### ABOUT THIS EXERCISE
Begin with the line that holds "Honden foto's >" and retype through the last line of the listing below, exactly; pictures are not part of the copy.

### AVAILABLE DATA

--- --- ---

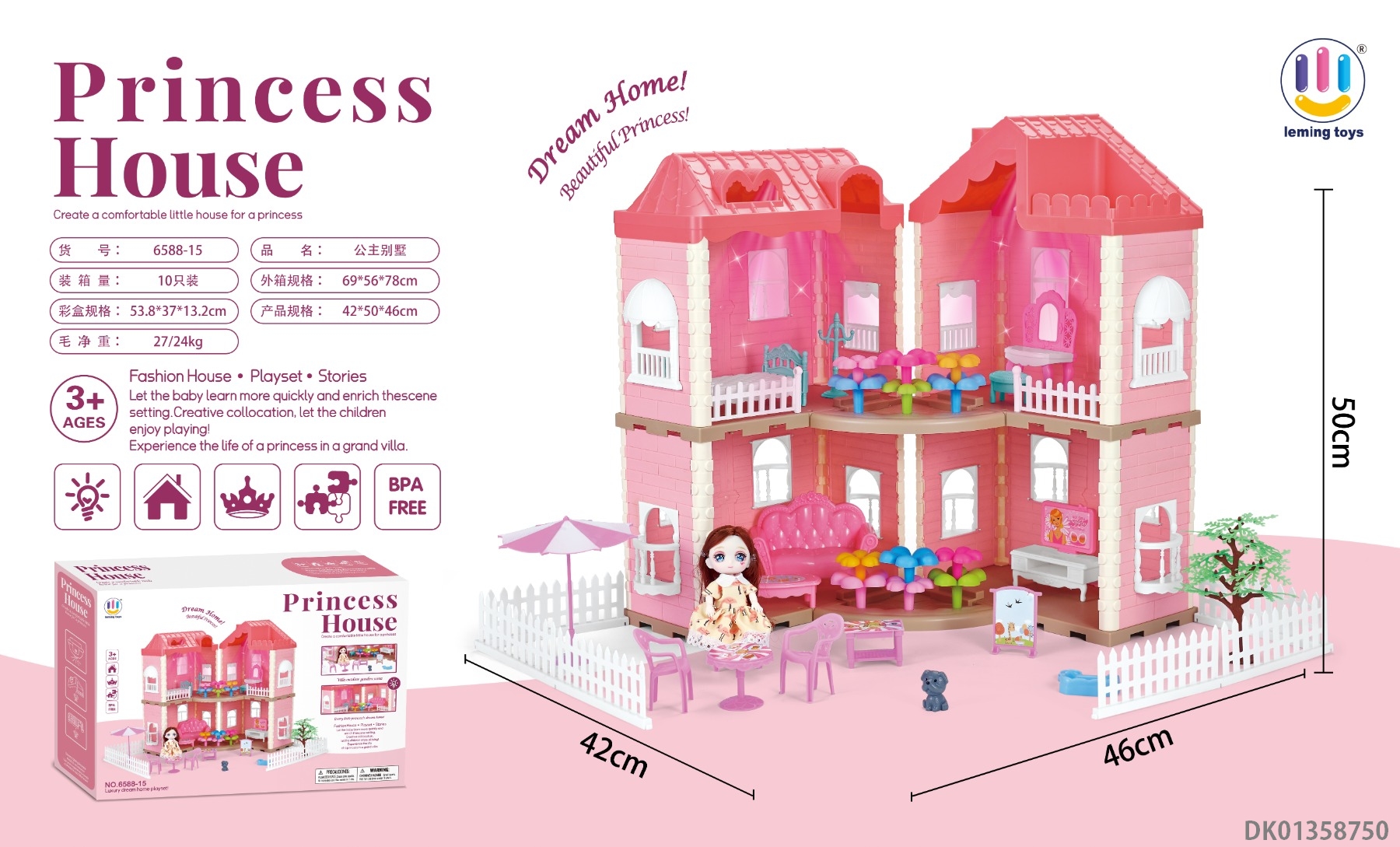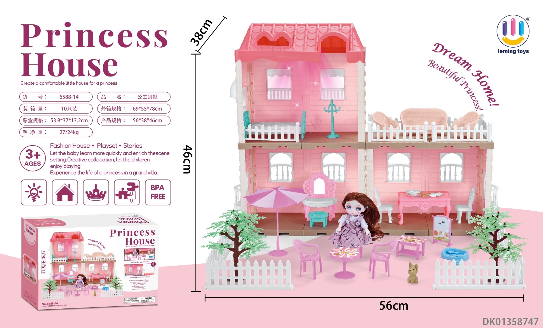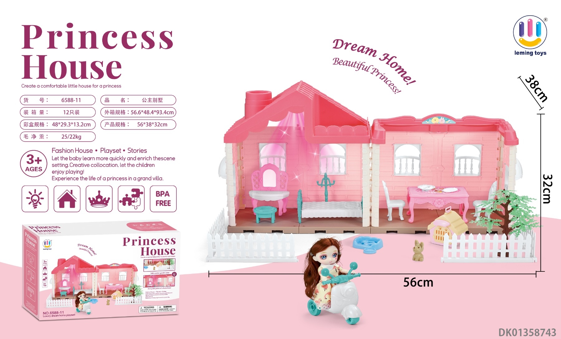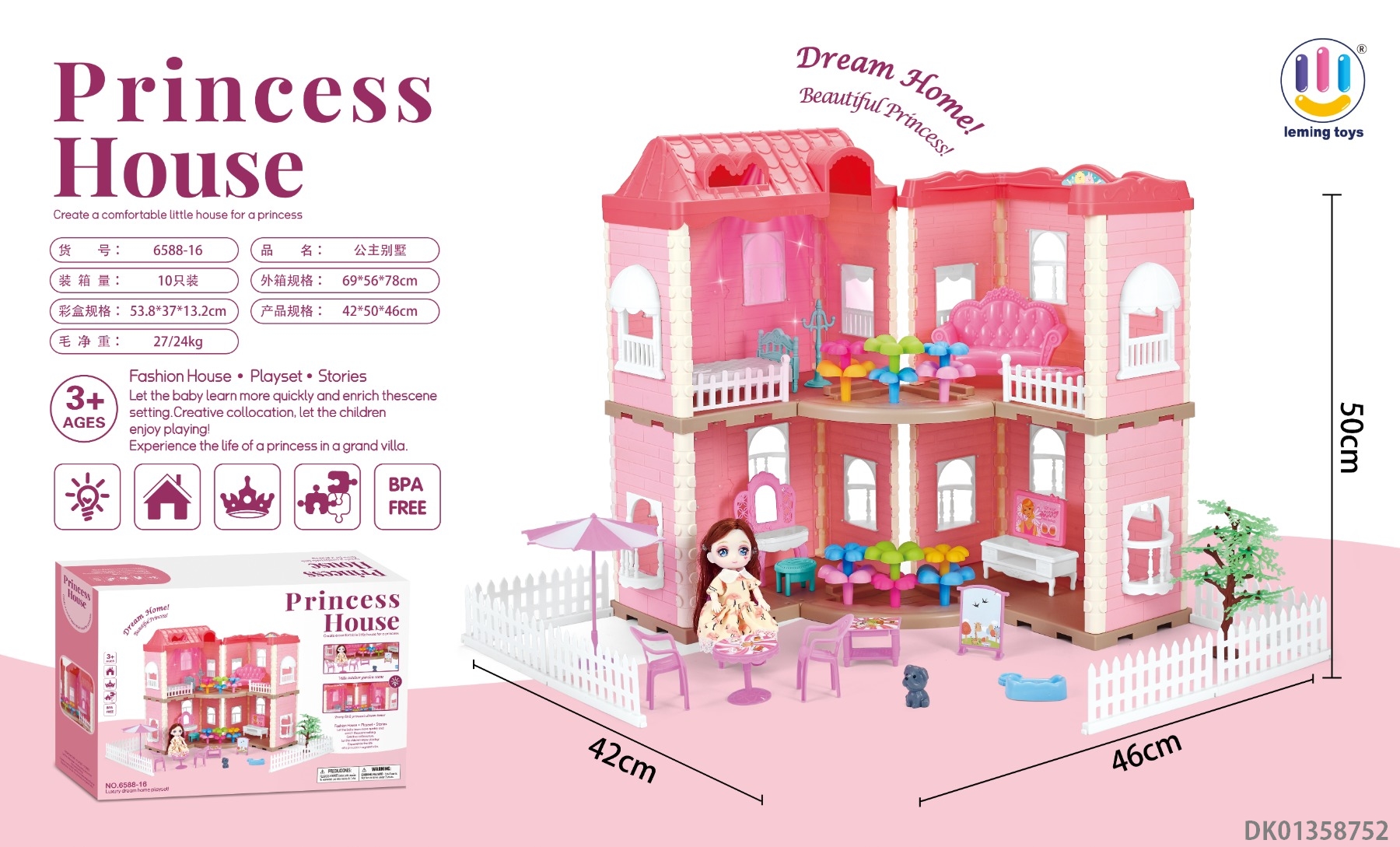 粉-4房别墅玩具【无灯光】
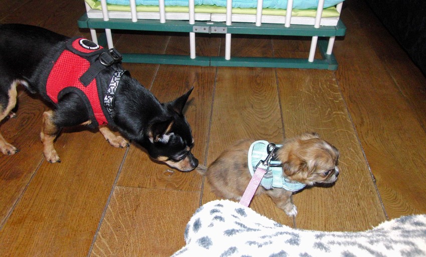 Honden foto's > Marga en de honden Balou R.I.P., Lotus en kat Nemo. > Balou snuffelt even maar vind het maar niets.
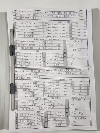 「リハステーションやよいⅡ」では、来所時の血圧や体重の測定結果、そしてその日の運動内容を、ご自身のノートに記録していただきます。
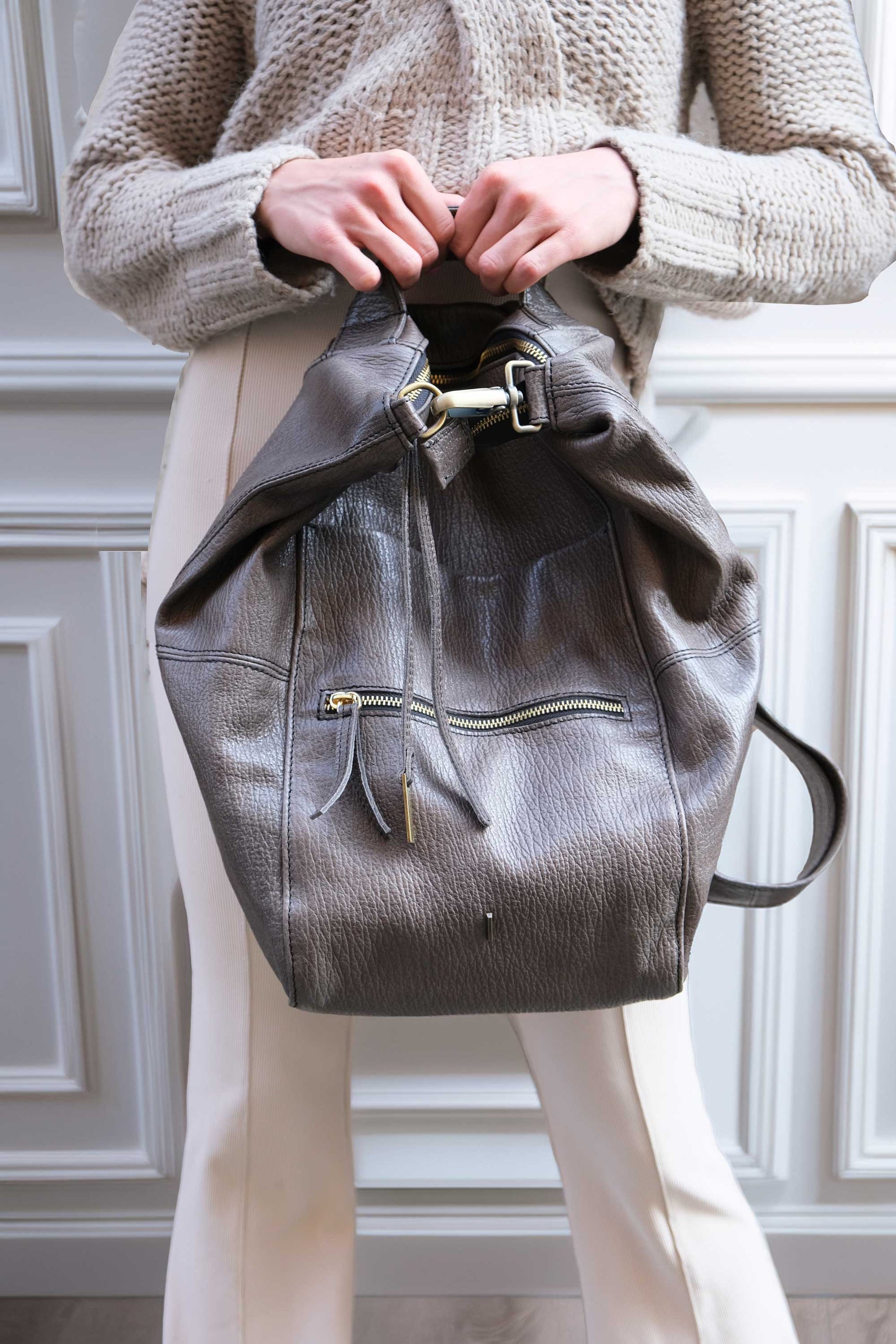 Alternatively, you can fold it onto itself using the side clasp — this not only provides extra security but also gives the backpack a softer, more fluid silhouette.

--- --- ---

### SOLUTION BELOW
 Honden foto's > Marga en de honden Balou R.I.P., Lotus en kat Nemo. > Balou snuffelt even maar vind het maar niets.
 「リハステーションやよいⅡ」では、来所時の血圧や体重の測定結果、そしてその日の運動内容を、ご自身のノートに記録していただきます。
 Alternatively, you can fold it onto itself using the side clasp — this not only provides extra security but also gives the backpack a softer, more fluid silhouette.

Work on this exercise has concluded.